Holiday Pay: Breaking the chain
In the latest case to offer guidance on how to calculate holiday pay (and the possible liability for failure to do so in the past), the Court of Appeal in Northern Ireland (NICA) has held that – in Northern Ireland at least – a gap of more than three months in a ‘series’ of deductions is not sufficient to break that series, and that it is potentially open for claimants to assert their historical rights by looking back beyond a previous gap exceeding three months.
By contrast, tribunals in Great Britain are (and continue to be) bound by the EAT’s judgment in Bear Scotland Ltd, in which a gap of more than three months in a ‘series’ of deductions is sufficient to break that series, preventing a claimant from looking back beyond this point.
In Chief Constable of Northern Ireland Police v Agnew, NICA considered the application of the relevant law in Northern Ireland, being the Employment Rights (Northern Ireland) Order 1996 (ERO). The judge agreed with the claimants’ arguments that, on a strict reading of the ERO, if there was a “sufficient similarity of subject matter, such that each event is factually linked with the next…in the alleged series…” that would be enough to amount to a series.
Comment: The case of Agnew is not formally binding on tribunals in Great Britain, as described above.

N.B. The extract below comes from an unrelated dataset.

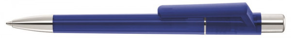 Druckkugelschreiber mit transparent glänzendem Gehäuse, Metallzierring und Drücker sowie schwerer... mehr

It may, however, provide strong persuasive authority on any future appeal which seeks to challenge the decision of the EAT in the Bear Scotland case (not least as the wording of the ERO and the Employment Rights Act 1996 is the same on this particular point of law). Employers may continue to draw some comfort from the Deduction from Wages (Limitation) Regulations 2014, which imposed a cap of two years on retrospective unlawful deduction from wages claims, (which includes claims for holiday pay).